Tag Archives: SQL

WordPress

WordPress 2.3 is out, with official tag support. I’ve just finished upgrading, and tags now work properly. I had to hack together some SQL + Ruby to convert everything, but it should all be done now.

Atom feeds and OpenID support should hopefully work as before; let me know if you notice anything strange. I’m going to test by replying to this…

Update: It works. And excitingly, you no longer have to hack code to get OpenID support working to and from LiveJournal.

Content upkeep

I got tags working via a plugin.

Since I was messing with the site anyway, I hacked together some Ruby code to pull all the content out of the database and perform automatic keyword extraction via naïve bayesian analysis.

It spat out a file of SQL commands, consisting of the subject of each posting and the first line of text (in comments), followed by the commands to add the tags. I ran through the file in vim deleting here and adding there, then executed the result. So now pretty much everything should be tagged, right back to the start. How cool is that?

The unbearable crapness of SQL

SQL is a dinosaur of a language, designed for the bad old days when computers enforced a fixed size and format for every kind of data, everything was upper case, and if you didn’t like it you went back to using paper. After all, disk space and CPU time were expensive, so you didn’t want people wasting them with pesky unaltered real-world information.

As such, SQL doesn’t have variable-length strings. Oh, sure, it has VARCHAR as well as CHAR, but VARCHAR only gives you a string that can be any size up to some fixed length. That’s as opposed to CHAR, which is even dumber, padding out all your strings to a fixed length. So all you gain from VARCHAR is the ability to get "John", "Smith" rather than "John            ", "Smith           " as output.

So, what happens if Mr Apu Nahasapeemapetilon suddenly joins the company, and your SURNAME VARCHAR(16) overflows? If you’re running MySQL, the name is silently truncated, and your database outputs garbage. If you’re running PostgreSQL, the database chokes and your system falls over with a run-time error, which is what the SQL standard apparently says should happen. So, would you like your leg amputated with a bread knife, or a rusty hacksaw blade?

Let’s suppose that you want to use PostgreSQL, so that you can have advanced features like, oh, the database actually remaining consistent if there’s a crash, and constraints that actually do something. Let’s also suppose that you don’t care too much about data being truncated, so long as you don’t personally have to deal with a support call every time some idiot decides to get creative with a product name.

Now you have a problem, because the program that’s feeding information into the database needs to know how much data it can put in each field without the database choking. The database knows this, of course; it’s part of the schema you used to set up the tables in the first place. But you don’t want the information in two places, because then if you change it in one place, you need to remember to change it in the other.

So, what’s the solution? Surely there has to be one?

J2EE in a nutshell

J2EE specifies Enterprise Java Beans for handling data, where the data and the client accessing it may or may not be on the same system. Entity beans are used to encapsulate the data in the database—instead of accessing the database directly, you create an entity bean to do it for you. That way the client can use the entity bean and not need to know about SQL.

However, the person writing the entity bean doesn’t really want to have to know about SQL either. That database stuff makes writing an entity bean a pain, so container-managed persistence was introduced. This allows you to let the EJB container (part of your J2EE server) handle the messy database stuff for you, and you don’t have to know any SQL at all.

Of course, SQL allows you to do a lot of useful things, such as querying databases in complex ways. It turned out that doing those things by fiddling around with container-managed entity beans was a real pain in the ass. So in EJB 2.0, Sun added EJB QL, the Enterprise JavaBean Query Language.
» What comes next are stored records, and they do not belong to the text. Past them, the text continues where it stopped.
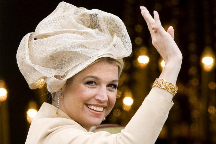Vanuit de Gouden Koets zwaait prinses Máxima naar de toeschouwers.
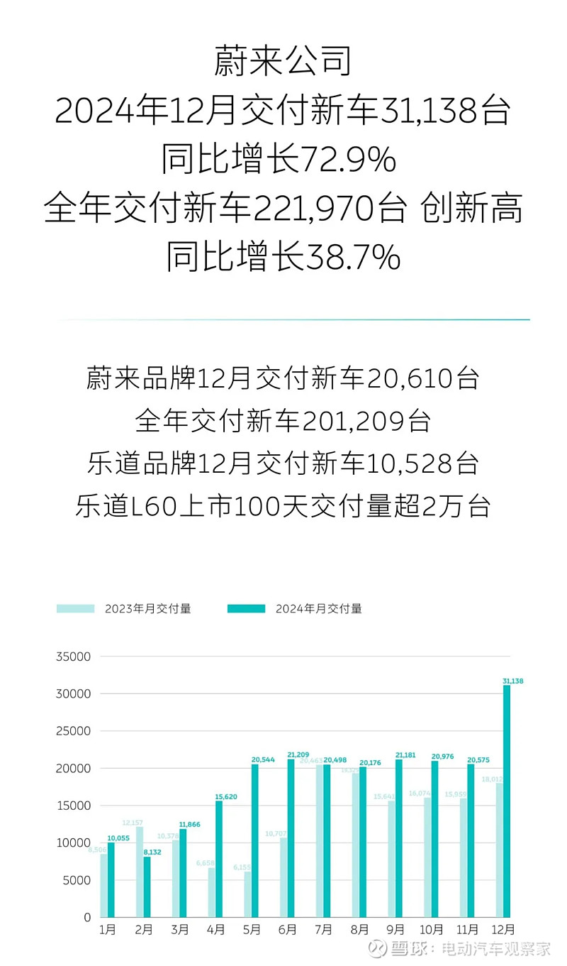 蔚来在最后一个月销量终于大振作,交付突破3万辆,达到3.11万辆,其中蔚来品牌突破2万辆,乐道品牌突破1万辆。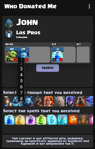 This app is for you, we’ll help you find out who keeps donating the wrong troop, you just have to select the troops that you received, select the level of each troop and click search.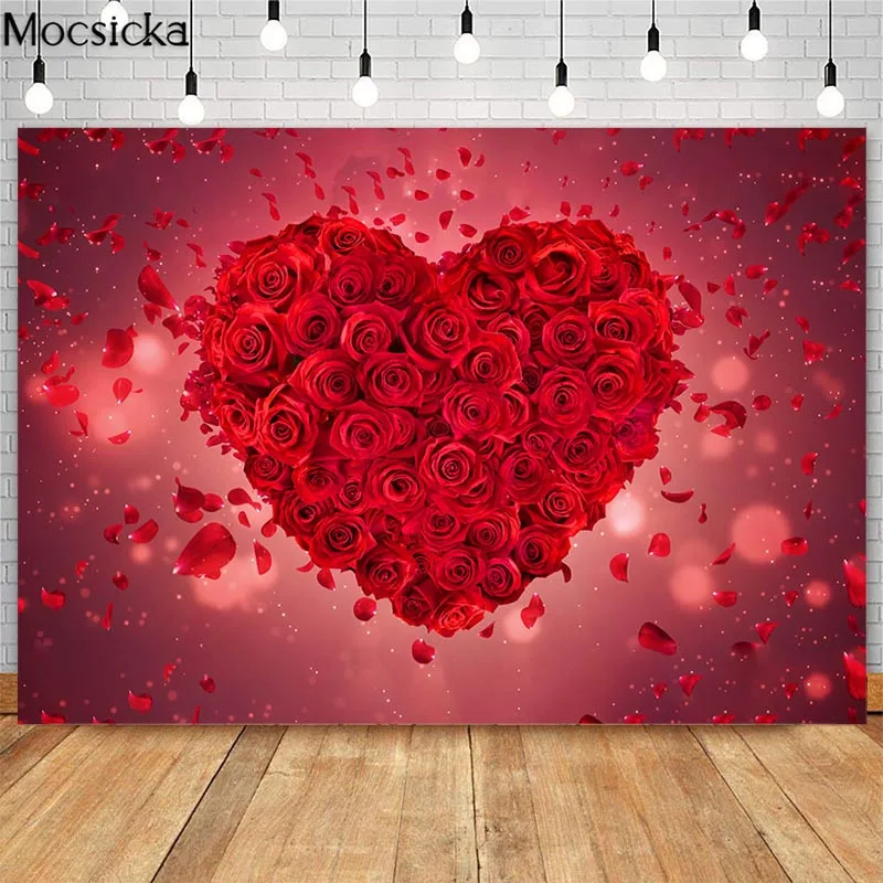 Mocsicka День Святого Валентина красная роза любовь сердце фотография фоны Свадьба невесты душ фото реквизит фон для студийной будки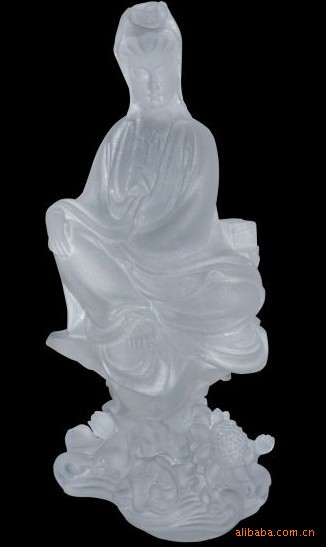 琉璃是中国古代对玻璃的称呼,是狭隘的玻璃说法,现琉璃一般是指加入各种氧化物烧制而成的有色玻璃作品,现今无论是光学玻璃、平板玻璃、水晶玻璃、或是硼砂玻璃等材质所创作之作品,皆通称为玻璃艺术品,由此可见琉璃只是玻璃的一个种类,其范畴远较玻璃要小。 琉璃的材质是人造水晶玻璃。其特质是对光的折射率高,所以能呈现出晶莹剔透的效果,在光线的配合下,更能将其艺术特质充分表达。作为琉璃不但是一件艺术品更是一件宗教物品,而通过铸造工艺制作的作品表现力强,层次丰富,精致细腻,尤其是色彩的流动变幻莫测,或热情、或含蓄,件件不同。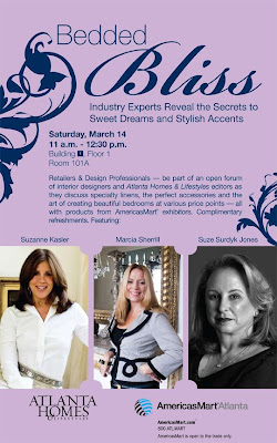 The event takes place at Atlanta's Americas Mart tomorrow, Saturday, March 14 from 11 a.m. to 12:30 pm (Building 1, Floor 1, Room 101A). For more information, please visit Atlanta Homes & Lifestyles' website.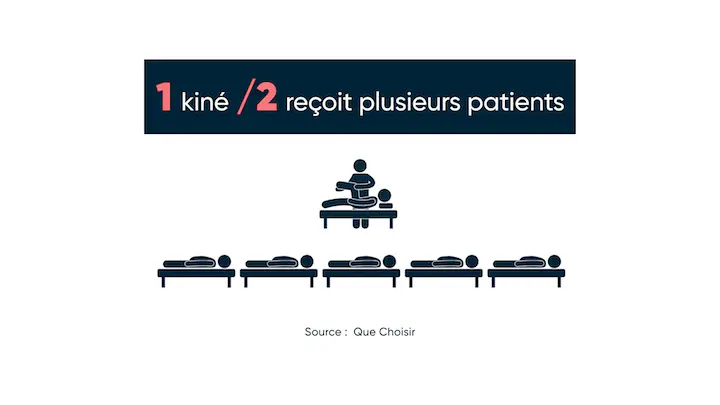 Le kiné ne doit pas prendre plus de trois patients simultanément, la séance doit durer 30 min/personne et les malades doivent avoir un programme de rééducation homogène. Là aussi, certains kinés contournent la réglementation. Par exemple, ils prennent cinq patients à la fois ou alors ils se contentent de donner les consignes au début du rendez-vous et vous laissent faire vos exercices seul pendant qu’ils s’occupent des autres. Or quand on est livré à soi-même, cela peut jouer sur la qualité de la rééducation.

It’s just like SQL, only slightly different, and not as powerful.

Of course, performance was getting pretty crappy by this point, so to improve things, EJB QL can be compiled into SQL.

So to summarize, here’s the old ugly way of doing things:

  • Client program connects to database server.
  • Client program sends SQL query to database server.
  • Client program gets back data from database server.
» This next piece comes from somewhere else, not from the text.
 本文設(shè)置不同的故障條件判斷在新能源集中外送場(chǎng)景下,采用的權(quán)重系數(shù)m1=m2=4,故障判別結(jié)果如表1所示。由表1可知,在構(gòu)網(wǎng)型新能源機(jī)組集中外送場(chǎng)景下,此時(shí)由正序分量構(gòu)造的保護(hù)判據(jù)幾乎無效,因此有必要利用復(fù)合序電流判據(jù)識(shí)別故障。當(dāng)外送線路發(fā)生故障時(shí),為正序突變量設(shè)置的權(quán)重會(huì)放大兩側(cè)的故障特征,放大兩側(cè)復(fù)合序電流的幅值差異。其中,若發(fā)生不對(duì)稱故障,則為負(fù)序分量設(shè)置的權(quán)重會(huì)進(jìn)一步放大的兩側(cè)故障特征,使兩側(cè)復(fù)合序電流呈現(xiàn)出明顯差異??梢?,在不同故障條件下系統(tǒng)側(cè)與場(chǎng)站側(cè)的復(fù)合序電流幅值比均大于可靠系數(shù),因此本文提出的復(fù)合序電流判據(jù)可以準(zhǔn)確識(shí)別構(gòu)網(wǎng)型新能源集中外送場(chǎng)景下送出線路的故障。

Now here’s the new, improved way of doing things:

  • Client program connects to J2EE server.
    • J2EE server instantiates entity bean.
    • Entity bean opens connection to database.
  • Client program sends EJB QL query to J2EE server.
    • Entity bean compiles EJB QL into SQL.
    • Entity bean sends SQL query to database.
    • Entity bean gets back data from database.
    • Entity bean passes back data to J2EE server.
  • Client program gets back data from J2EE server.

Obviously this is a big improvement. What’s more, because of the use of EJB, all of the J2EE entity bean stuff can be placed on a separate machine from the client and the database server. In fact, for performance reasons you’d be well advised to do so.

So, before: client system, database server. After: same client system, huge $20,000 server running $50,000 of J2EE application server software, same database server. Now your client software can send queries that look just like SQL, and get back results exactly as if they came from a database server—but instead, they’re coming from a box with that wonderful Java technology.